- **Given entries**
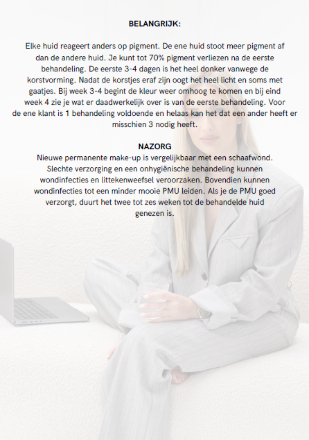 Na de behandeling kan de huid een beetje rood zijn, maar dit trekt vaak binnen enkele uren weg. Het resultaat is na een paar dagen volledig zichtbaar, hoewel het na de eerste sessie vaak nog een touch-up nodig heeft om het gewenste effect te bereiken.
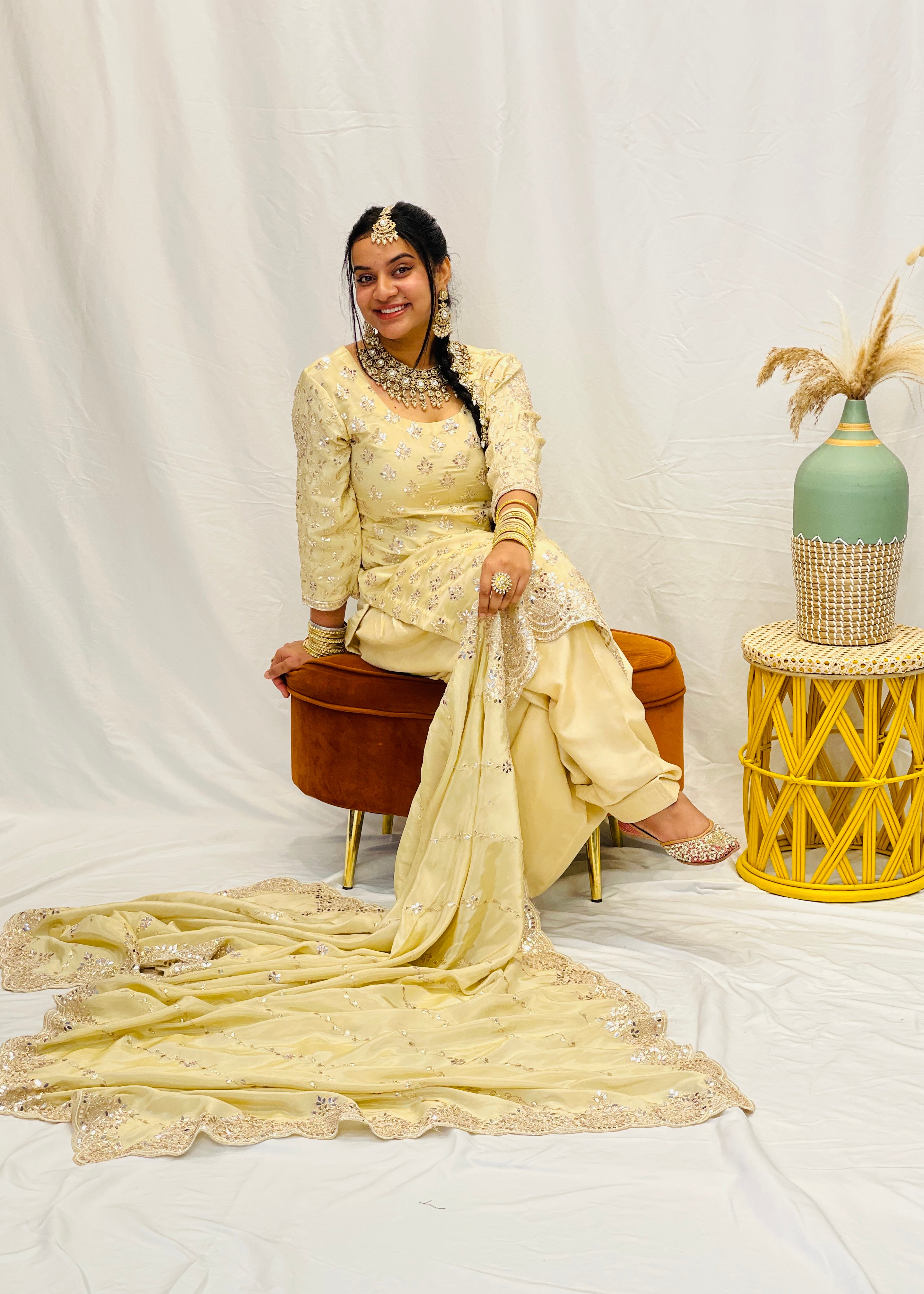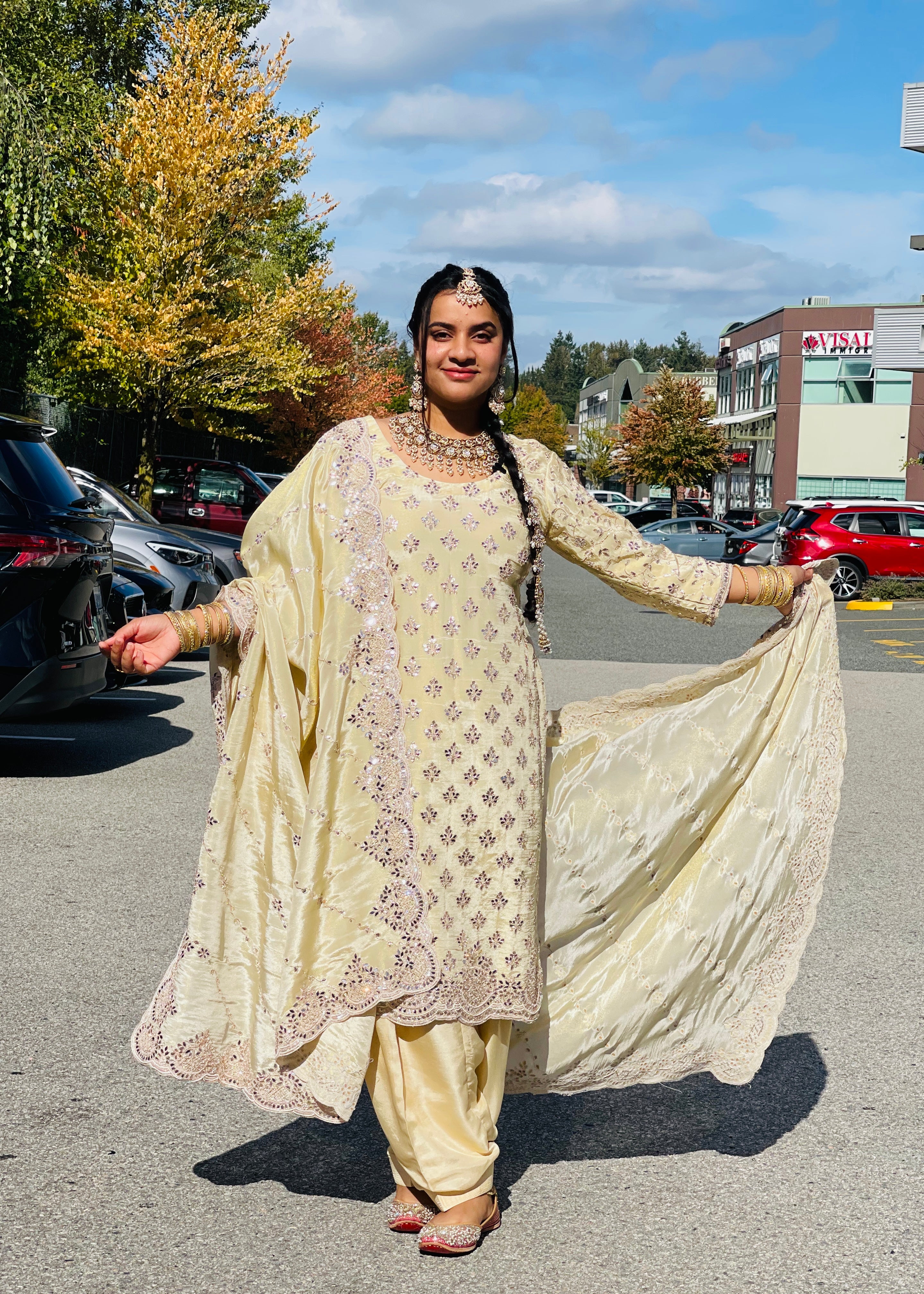Salwar suit in size medium in shimmer fabric with mirrors and gotta patti embroidery on it.
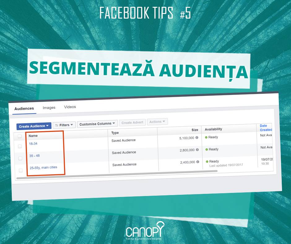 Facebook recomandă utilizarea bugetului per campanie, nu per ad set, și testarea plasamentelor automate. Astfel, algoritmul de pixel poate să îți genereze cele mai bune rezultate.
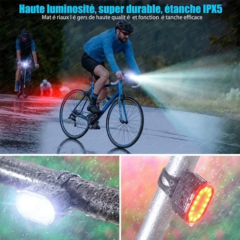 【Léger/Robuste/Étanche】L’ensemble d’éclairage de vélo utilise un boîtier en plastique PC, vous n’avez donc pas à vous soucier qu’il soit trop lourd, il convient aux hommes et aux femmes. L’interface USB est recouverte de silicone étanche à l’eau et à la poussière, associée à la technologie avancée IPX5 étanche à l’eau et à la poussière, adaptée à diverses conditions météorologiques.
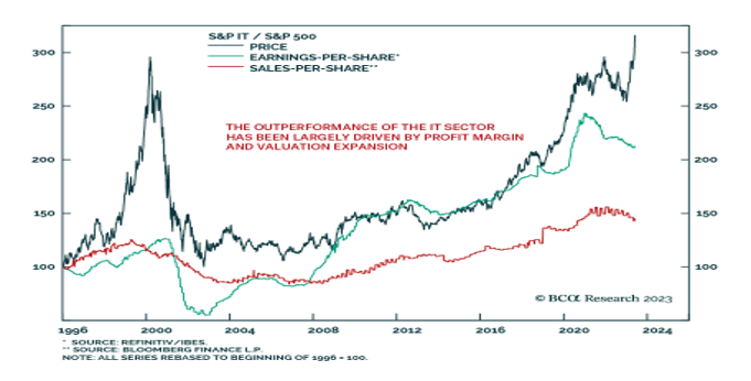 1996-cı ildən etibarən İT sektorunda səhm üzrə satış “S&P 500” ilə müqayisədə 45%, səhm üzrə gəlir 112%, səhm üzrə qiymət isə 216% artıb. Beləliklə, İT səhmlərinin yüksək göstəricilərinin təxminən 80%-i seçilmiş şirkətlər qrupu arasında artan mənfəət marjası və investorların onlara təyin etdiyi daha yüksək gəlirlilik əmsalları ilə əlaqələndirilə bilər.
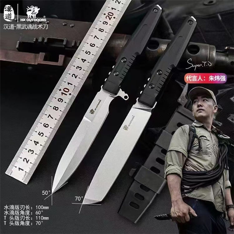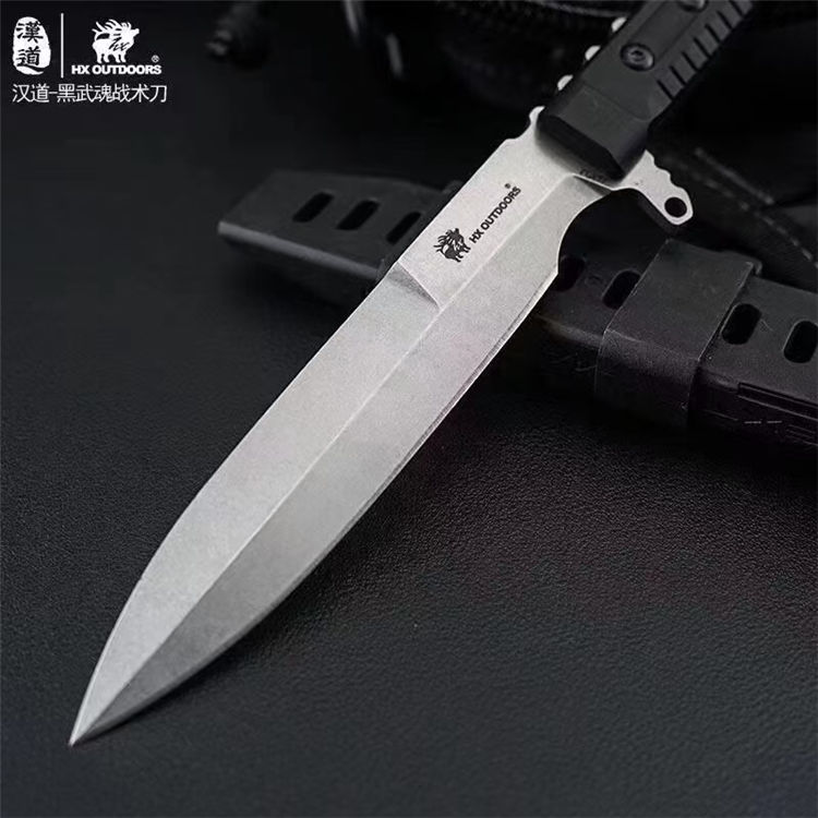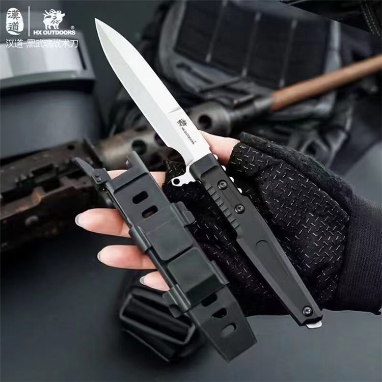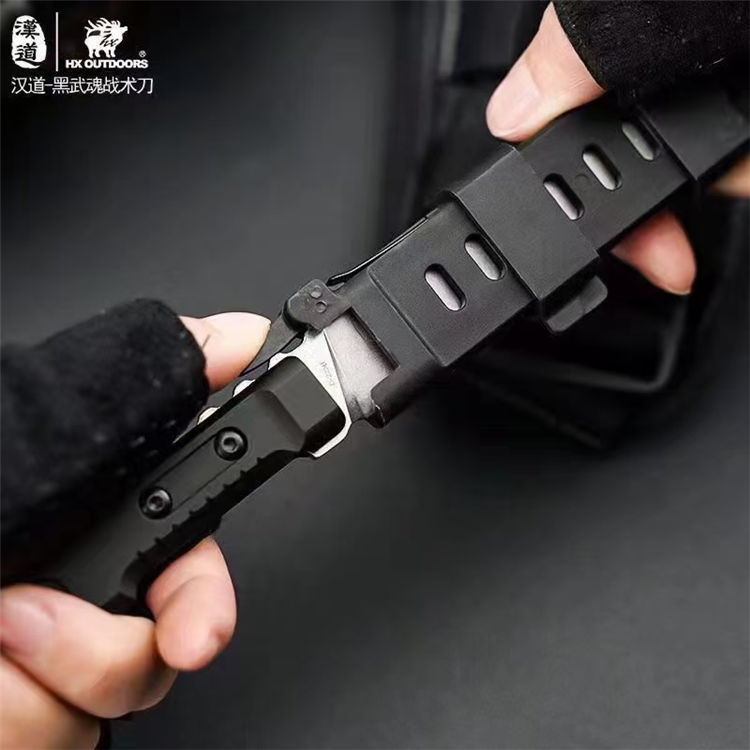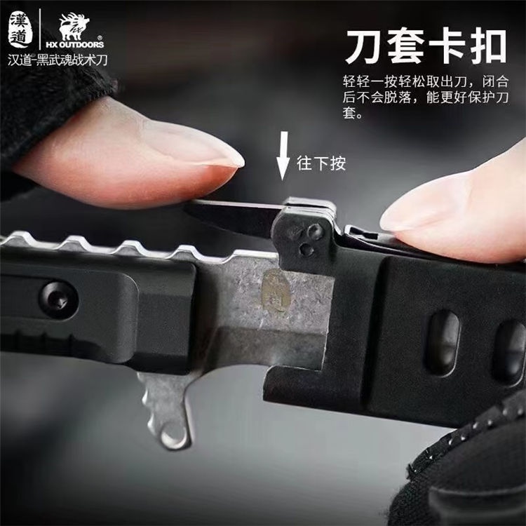 汉道黑武魂战术直刀 全长:235mm 刃长:110mm 刃厚:3.5mm 刃宽:21mm 柄长:120mm 重量:153g(含刀套) 刃材:7CR17钢 柄长铝合金 刀鞘:PP

- **Work order**
Could you return all the entries exactly as they appear, minus the pictures?

- **The answer**
 Na de behandeling kan de huid een beetje rood zijn, maar dit trekt vaak binnen enkele uren weg. Het resultaat is na een paar dagen volledig zichtbaar, hoewel het na de eerste sessie vaak nog een touch-up nodig heeft om het gewenste effect te bereiken.
Salwar suit in size medium in shimmer fabric with mirrors and gotta patti embroidery on it.
 Facebook recomandă utilizarea bugetului per campanie, nu per ad set, și testarea plasamentelor automate. Astfel, algoritmul de pixel poate să îți genereze cele mai bune rezultate.
 【Léger/Robuste/Étanche】L’ensemble d’éclairage de vélo utilise un boîtier en plastique PC, vous n’avez donc pas à vous soucier qu’il soit trop lourd, il convient aux hommes et aux femmes. L’interface USB est recouverte de silicone étanche à l’eau et à la poussière, associée à la technologie avancée IPX5 étanche à l’eau et à la poussière, adaptée à diverses conditions météorologiques.
 1996-cı ildən etibarən İT sektorunda səhm üzrə satış “S&P 500” ilə müqayisədə 45%, səhm üzrə gəlir 112%, səhm üzrə qiymət isə 216% artıb. Beləliklə, İT səhmlərinin yüksək göstəricilərinin təxminən 80%-i seçilmiş şirkətlər qrupu arasında artan mənfəət marjası və investorların onlara təyin etdiyi daha yüksək gəlirlilik əmsalları ilə əlaqələndirilə bilər.
 汉道黑武魂战术直刀 全长:235mm 刃长:110mm 刃厚:3.5mm 刃宽:21mm 柄长:120mm 重量:153g(含刀套) 刃材:7CR17钢 柄长铝合金 刀鞘:PP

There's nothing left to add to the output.